Make an exact copy of the entries below, with all images left out.
........
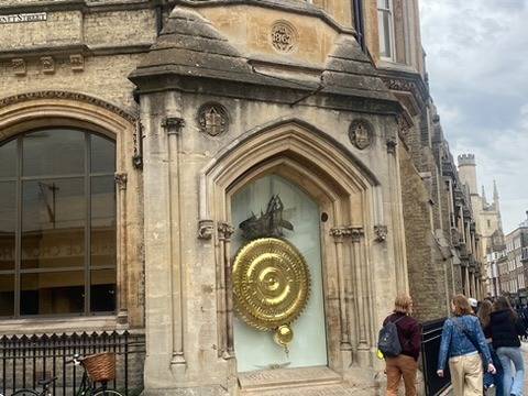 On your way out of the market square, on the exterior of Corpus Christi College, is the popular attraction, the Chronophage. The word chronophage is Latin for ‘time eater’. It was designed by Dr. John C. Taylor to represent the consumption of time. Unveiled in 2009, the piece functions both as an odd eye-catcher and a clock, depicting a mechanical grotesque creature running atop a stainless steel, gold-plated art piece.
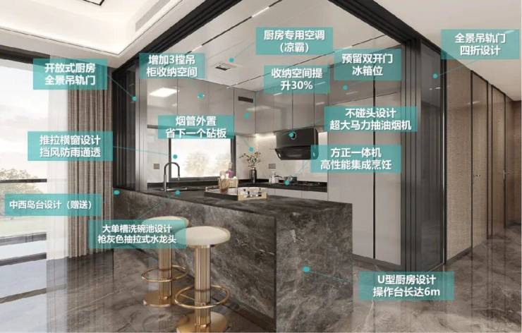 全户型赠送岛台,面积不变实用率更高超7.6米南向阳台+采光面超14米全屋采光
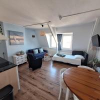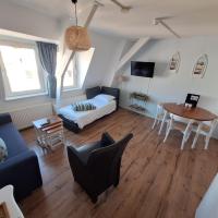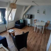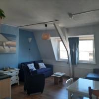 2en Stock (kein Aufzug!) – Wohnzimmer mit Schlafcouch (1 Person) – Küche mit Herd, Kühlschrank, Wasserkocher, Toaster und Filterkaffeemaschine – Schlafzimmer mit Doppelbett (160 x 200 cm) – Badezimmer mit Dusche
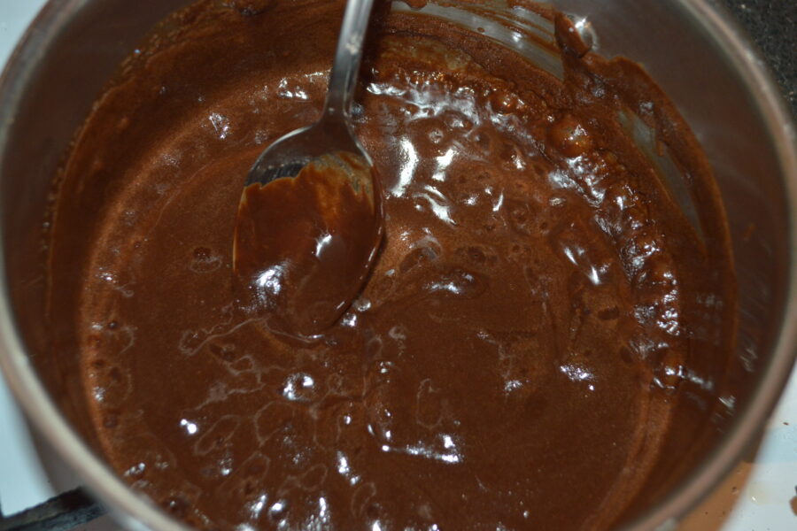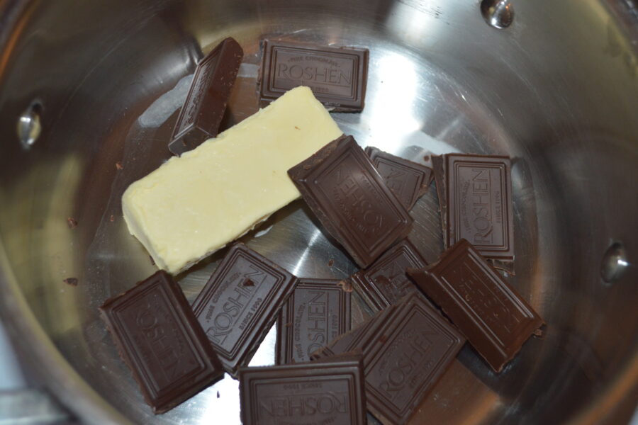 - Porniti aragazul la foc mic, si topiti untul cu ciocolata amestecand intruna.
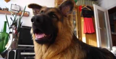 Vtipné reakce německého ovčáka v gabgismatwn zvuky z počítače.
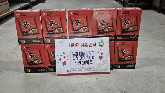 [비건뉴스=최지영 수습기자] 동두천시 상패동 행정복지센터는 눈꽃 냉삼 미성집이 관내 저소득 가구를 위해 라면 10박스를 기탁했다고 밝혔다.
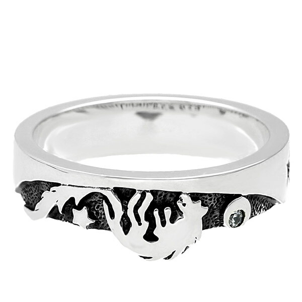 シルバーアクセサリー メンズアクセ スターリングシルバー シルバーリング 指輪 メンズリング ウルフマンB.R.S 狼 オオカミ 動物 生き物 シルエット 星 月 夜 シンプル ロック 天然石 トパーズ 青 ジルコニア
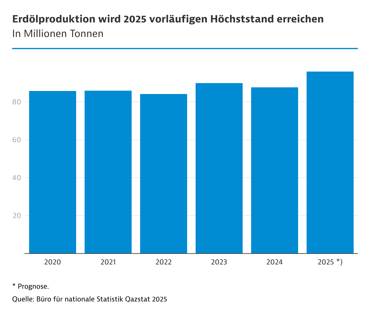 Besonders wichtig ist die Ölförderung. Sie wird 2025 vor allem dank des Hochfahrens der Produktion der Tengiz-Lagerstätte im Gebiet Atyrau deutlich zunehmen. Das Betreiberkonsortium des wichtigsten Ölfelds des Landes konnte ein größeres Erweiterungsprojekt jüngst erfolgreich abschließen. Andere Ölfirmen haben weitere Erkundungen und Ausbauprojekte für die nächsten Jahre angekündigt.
........
== ANSWER TO THE PROBLEM ==
 On your way out of the market square, on the exterior of Corpus Christi College, is the popular attraction, the Chronophage. The word chronophage is Latin for ‘time eater’. It was designed by Dr. John C. Taylor to represent the consumption of time. Unveiled in 2009, the piece functions both as an odd eye-catcher and a clock, depicting a mechanical grotesque creature running atop a stainless steel, gold-plated art piece.
 全户型赠送岛台,面积不变实用率更高超7.6米南向阳台+采光面超14米全屋采光
 2en Stock (kein Aufzug!) – Wohnzimmer mit Schlafcouch (1 Person) – Küche mit Herd, Kühlschrank, Wasserkocher, Toaster und Filterkaffeemaschine – Schlafzimmer mit Doppelbett (160 x 200 cm) – Badezimmer mit Dusche
 - Porniti aragazul la foc mic, si topiti untul cu ciocolata amestecand intruna.
 Vtipné reakce německého ovčáka v gabgismatwn zvuky z počítače.
 [비건뉴스=최지영 수습기자] 동두천시 상패동 행정복지센터는 눈꽃 냉삼 미성집이 관내 저소득 가구를 위해 라면 10박스를 기탁했다고 밝혔다.
 シルバーアクセサリー メンズアクセ スターリングシルバー シルバーリング 指輪 メンズリング ウルフマンB.R.S 狼 オオカミ 動物 生き物 シルエット 星 月 夜 シンプル ロック 天然石 トパーズ 青 ジルコニア
 Besonders wichtig ist die Ölförderung. Sie wird 2025 vor allem dank des Hochfahrens der Produktion der Tengiz-Lagerstätte im Gebiet Atyrau deutlich zunehmen. Das Betreiberkonsortium des wichtigsten Ölfelds des Landes konnte ein größeres Erweiterungsprojekt jüngst erfolgreich abschließen. Andere Ölfirmen haben weitere Erkundungen und Ausbauprojekte für die nächsten Jahre angekündigt.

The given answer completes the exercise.